À ces dépenses d'investissement s'ajoutent évidemment les dépenses de fonctionnement courant, qui se sont montées à 10 milliards en 1964 et monteront à 15 milliards en 1970 (en francs constants).

En moyenne annuelle, il faudrait donc 8 milliards d'équipement neuf plus 12 milliards de fonctionnement courant, soit un total de 20 milliards. Rapportée à un revenu national moyen qui sera de l'ordre de 350 milliards, cette dépense collective de l'Éducation nationale représente à elle seule 6 % du revenu du Français moyen.

L'enseignement coûte donc très cher, et cela est normal, puisqu'il exige beaucoup de travail humain et très qualifié. À ce sujet, on peut faire une remarque sur une démarche qui caractérise souvent les affaires de l'humanité. En 1936, un gouvernement socialiste a, fort courageusement, décidé la gratuité de l'enseignement secondaire public en France. Heureusement, un nombre relativement très faible d'enfants de paysans et d'ouvriers ont pu bénéficier de cette mesure : heureusement, car si tous s'étaient présentés au lycée, il n'y aurait eu ni locaux ni maîtres, pour les accueillir ; ainsi l'enseignement du second degré a été gratuit en France longtemps avant d'être possible.
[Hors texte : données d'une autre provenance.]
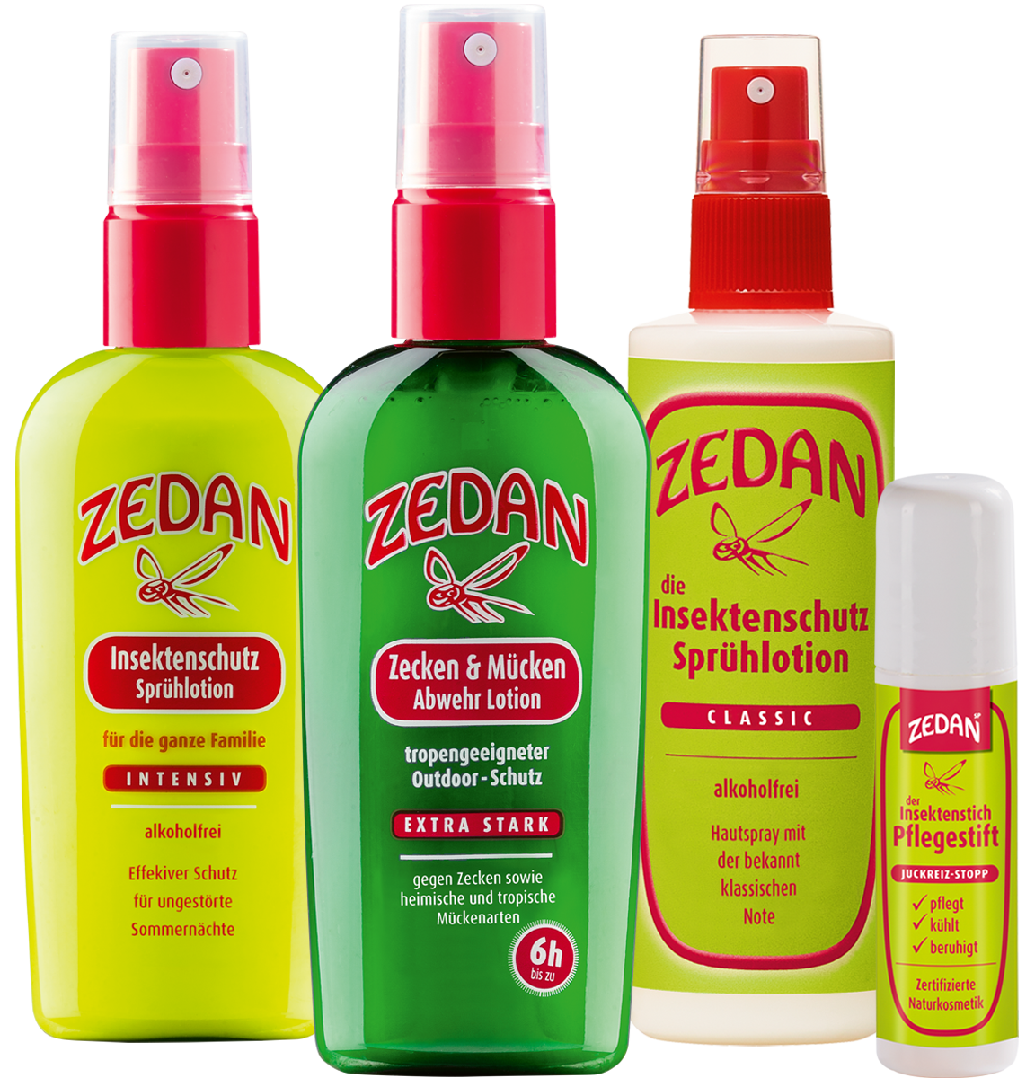 Unsere ZEDAN Insektenschutz-Sprühlotion ist ein perfektes Beispiel dafür: eine hochwirksame, alkoholfreie Rezeptur, die seit über 30 Jahren nahezu unverändert bewährt ist. Unabhängige Tests geben uns recht – zum Beispiel kürte das WISO Magazin unser ZEDAN zum beliebtesten Mückenschutzmittel unter Anglern. Trotzdem entwickeln wir uns natürlich weiter und bieten z.B. mit der ZEDAN Zecken und Mücken Abwehrlotion ein Produkt, das auch höchsten Ansprüchen in tropischen Gebieten gerecht wird.

Mais dans cette affaire, c'est encore l'argent qui manque le moins. Le plus difficile c'est de trouver à temps les terrains, les architectes valables, les entrepreneurs... puis les professeurs compétents et assez ouverts pour rester toute leur vie adaptés à une tâche très difficile et profondément évolutive. Le plus difficile, c'est d'adapter sans cesse le contenu de l'enseignement aux besoins de l'homme de demain.

 

 

LE CONTENU DE L'ÉDUCATION

 

Il faut sans cesse rappeler que le but de l'éducation est de donner à l'homme la civilisation des hommes. À une époque où la civilisation évolue vite, le contenu de l'éducation doit changer vite.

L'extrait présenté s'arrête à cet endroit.